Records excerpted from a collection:

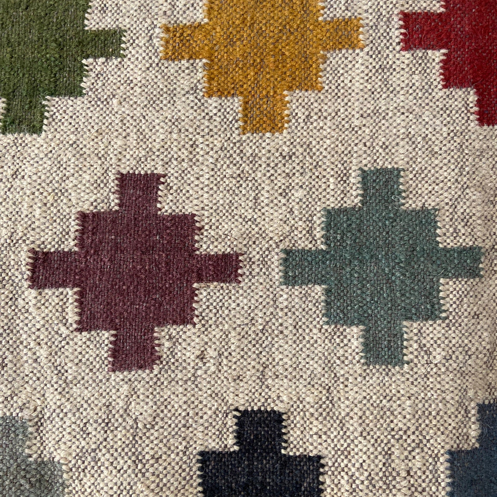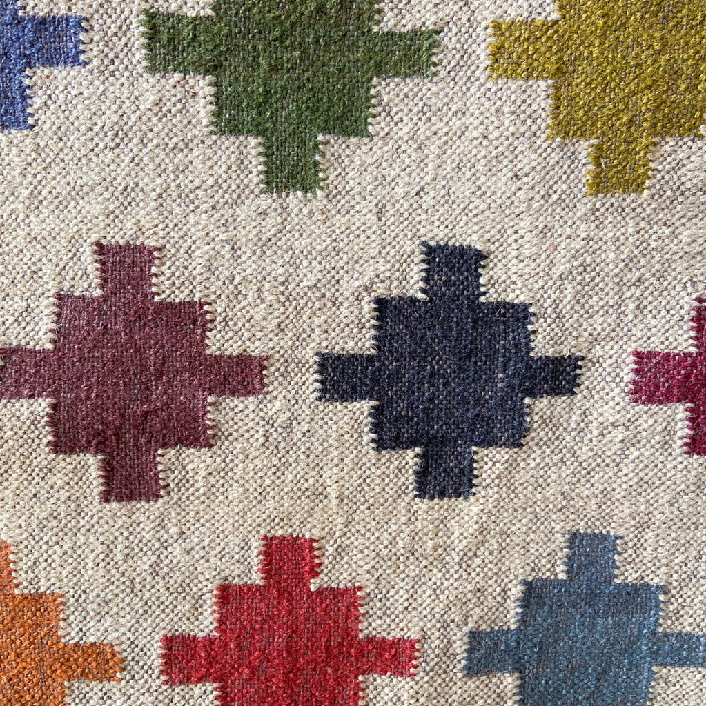 Gorgeous, flat weave Kilim, handmade from Jute and Wool. Kilims are famous for their rich colours, warm tones, and beautiful ethnic motifs traditional in many cultures, ranging from Greek, Armenian, Kurdish, Assyrian, & Turkish.
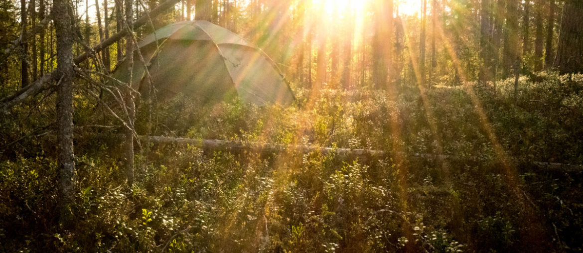 Margit und ich gehen es ruhig an: Erst wird das Zelt an einem der Gåsmyrtjärnarna aufgebaut, dann geht es mit leichtem Gepäck auf Wanderschaft zum Tjädervintjärnen. Wir gehen auf Bohlenwegen, klettern über umgestürzte Bäume und saugen den betörenden Luft des Waldes in uns auf. Wie unglaublich schön es hier ist! Kein Verkehr, keine Menschen – nur wir beide und eine erfreute Husky-Dame.
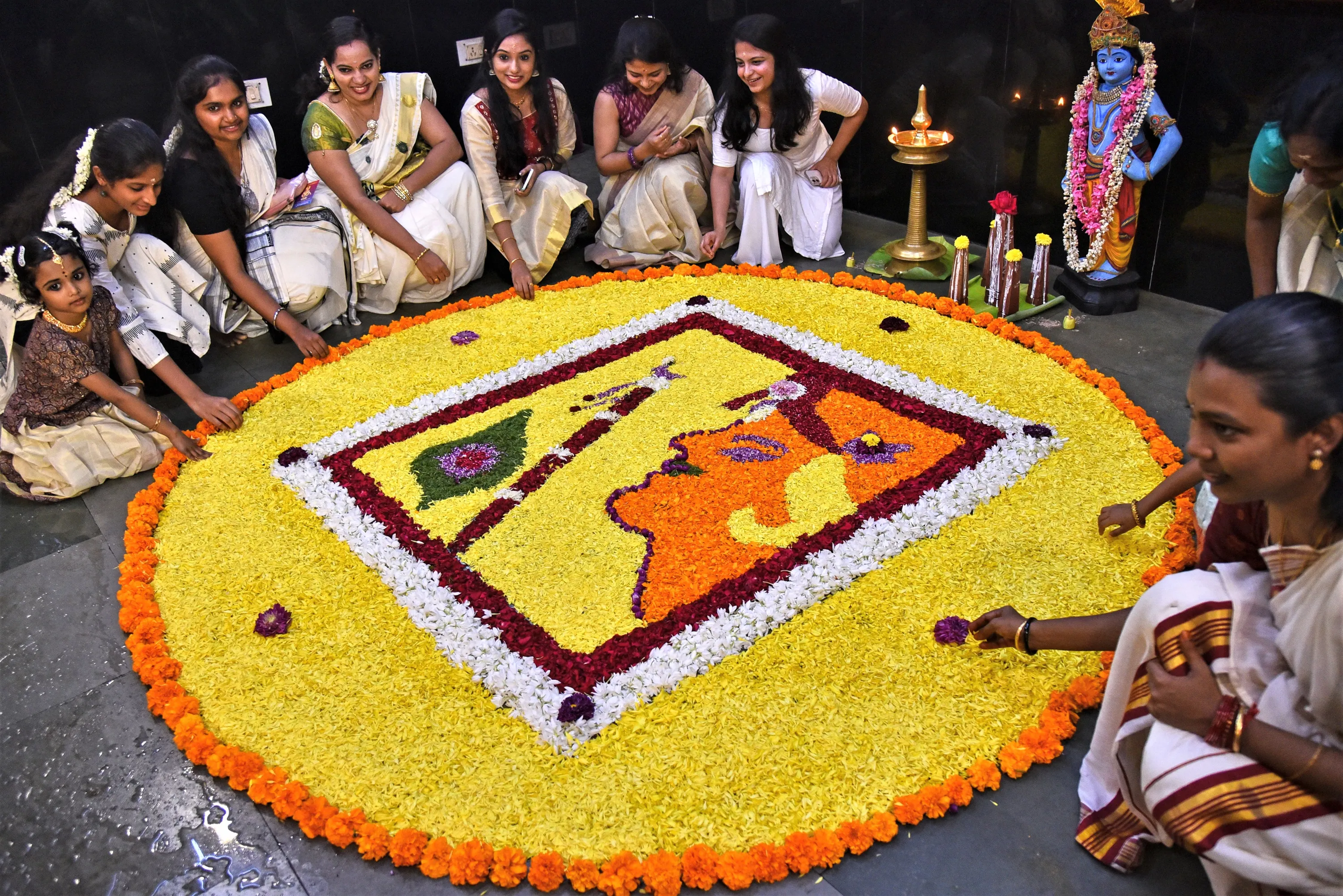 Malayali community members prepare a flower carpet or “Pookalam” as they celebrate the Onam festival, at Sree Ayyappan Guruvayurappan temple, in Chennai, India, 29 August 2023. The Onam festival is a 10-day long harvest festival and is celebrated mostly in India's southern state of Kerala. Malayalam people in India and across the world put decorated flower beds in front of their houses to welcome King Mahabali, a past ruler of Kerala in southern India. (Photo by Idrees Mohammed/EPA)
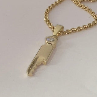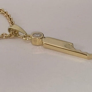14 carat solid yellow gold key with a 0.20 carat brilliant cut stone. This key is available with a zirconia stone of brilliant cut diamond in different sizes, quality Top Wesselton VVSi.
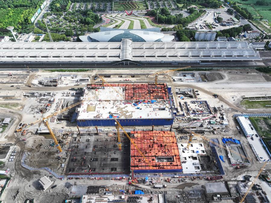 Photo aérienne prise par drone montrant le chantier de construction de la gare de Nantong à Nantong, dans la province du Jiangsu (est de la Chine), le 21 juillet 2025. (Photo : Ji Chunpeng)
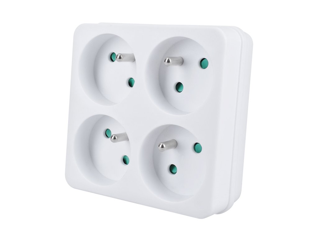 Čtyři zásuvky v minimalistickém těle zvládnou celkovou zátěž až 3680 W a umožní připojit běžné spotřebiče v obýváku, ložnici nebo pracovně. Televize, set-top-box, router, apod. Díky natočení horních zásuvek lze lehce manipulovat s přívodními šňůrami ve spodních zásuvkách. Všechny kabely směřují směrem dolů a netrčí různě v prostoru. Zásuvky jsou navíc vybaveny dětskými pojistkami, které zajistí bezpečný provoz i v domácnostech s dětmi. Díky kompaktnímu provedení nezabere zbytečně místo.
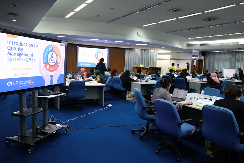 นายแพทย์อาชวินทร์ โรจนวิวัฒน์ ผู้อำนวยการสถาบันวิจัยวิทยาศาสตร์สาธารณสุข กรมวิทยาศาสตร์การแพทย์ กล่าวว่า สถาบันวิจัยวิทยาศาสตร์สาธารณสุข กรมวิทยาศาสตร์การแพทย์ ร่วมกับ กรมปศุสัตว์ จัดโครงการพัฒนาผู้นำห้องปฏิบัติการระดับเอเชียตะวันออกเฉียงใต้ (รุ่นที่ 1 ครั้งที่ 3) (Southeast Asia Regional One Health Global Laboratory Leadership Program; Southeast Asia GLLP) ในหัวข้อ Competency 5: Quality management system (QMS) ร่วมกับหน่วยงานที่มีภารกิจด้านห้องปฏิบัติการสุขภาพคนและสุขภาพสัตว์ทั้งในประเทศ และระดับภูมิภาค ได้แก่ ประเทศมาเลเซีย กัมพูชา และอินโดนีเซีย เพื่อสร้างผู้นำทางห้องปฏิบัติการให้มีความรู้ความเชี่ยวชาญ สามารถผลักดันห้องปฏิบัติการด้านการแพทย์และสาธารณสุขของประเทศไทยและระดับภูมิภาคให้เป็นที่เชื่อมั่นในระดับชาติและนานาชาติ เพื่อตอบโต้ภัยคุกคามด้านสุขภาพได้อย่างมีประสิทธิภาพและยั่งยืนภายใต้แนวคิดสุขภาพหนึ่งเดียว

EXERCISE DIRECTIONS
The records above, minus their pictures, are to be returned word for word.

ANSWER AREA
 Gorgeous, flat weave Kilim, handmade from Jute and Wool. Kilims are famous for their rich colours, warm tones, and beautiful ethnic motifs traditional in many cultures, ranging from Greek, Armenian, Kurdish, Assyrian, & Turkish.
 Margit und ich gehen es ruhig an: Erst wird das Zelt an einem der Gåsmyrtjärnarna aufgebaut, dann geht es mit leichtem Gepäck auf Wanderschaft zum Tjädervintjärnen. Wir gehen auf Bohlenwegen, klettern über umgestürzte Bäume und saugen den betörenden Luft des Waldes in uns auf. Wie unglaublich schön es hier ist! Kein Verkehr, keine Menschen – nur wir beide und eine erfreute Husky-Dame.
 Malayali community members prepare a flower carpet or “Pookalam” as they celebrate the Onam festival, at Sree Ayyappan Guruvayurappan temple, in Chennai, India, 29 August 2023. The Onam festival is a 10-day long harvest festival and is celebrated mostly in India's southern state of Kerala. Malayalam people in India and across the world put decorated flower beds in front of their houses to welcome King Mahabali, a past ruler of Kerala in southern India. (Photo by Idrees Mohammed/EPA)
14 carat solid yellow gold key with a 0.20 carat brilliant cut stone. This key is available with a zirconia stone of brilliant cut diamond in different sizes, quality Top Wesselton VVSi.
 Photo aérienne prise par drone montrant le chantier de construction de la gare de Nantong à Nantong, dans la province du Jiangsu (est de la Chine), le 21 juillet 2025. (Photo : Ji Chunpeng)
 Čtyři zásuvky v minimalistickém těle zvládnou celkovou zátěž až 3680 W a umožní připojit běžné spotřebiče v obýváku, ložnici nebo pracovně. Televize, set-top-box, router, apod. Díky natočení horních zásuvek lze lehce manipulovat s přívodními šňůrami ve spodních zásuvkách. Všechny kabely směřují směrem dolů a netrčí různě v prostoru. Zásuvky jsou navíc vybaveny dětskými pojistkami, které zajistí bezpečný provoz i v domácnostech s dětmi. Díky kompaktnímu provedení nezabere zbytečně místo.
 นายแพทย์อาชวินทร์ โรจนวิวัฒน์ ผู้อำนวยการสถาบันวิจัยวิทยาศาสตร์สาธารณสุข กรมวิทยาศาสตร์การแพทย์ กล่าวว่า สถาบันวิจัยวิทยาศาสตร์สาธารณสุข กรมวิทยาศาสตร์การแพทย์ ร่วมกับ กรมปศุสัตว์ จัดโครงการพัฒนาผู้นำห้องปฏิบัติการระดับเอเชียตะวันออกเฉียงใต้ (รุ่นที่ 1 ครั้งที่ 3) (Southeast Asia Regional One Health Global Laboratory Leadership Program; Southeast Asia GLLP) ในหัวข้อ Competency 5: Quality management system (QMS) ร่วมกับหน่วยงานที่มีภารกิจด้านห้องปฏิบัติการสุขภาพคนและสุขภาพสัตว์ทั้งในประเทศ และระดับภูมิภาค ได้แก่ ประเทศมาเลเซีย กัมพูชา และอินโดนีเซีย เพื่อสร้างผู้นำทางห้องปฏิบัติการให้มีความรู้ความเชี่ยวชาญ สามารถผลักดันห้องปฏิบัติการด้านการแพทย์และสาธารณสุขของประเทศไทยและระดับภูมิภาคให้เป็นที่เชื่อมั่นในระดับชาติและนานาชาติ เพื่อตอบโต้ภัยคุกคามด้านสุขภาพได้อย่างมีประสิทธิภาพและยั่งยืนภายใต้แนวคิดสุขภาพหนึ่งเดียว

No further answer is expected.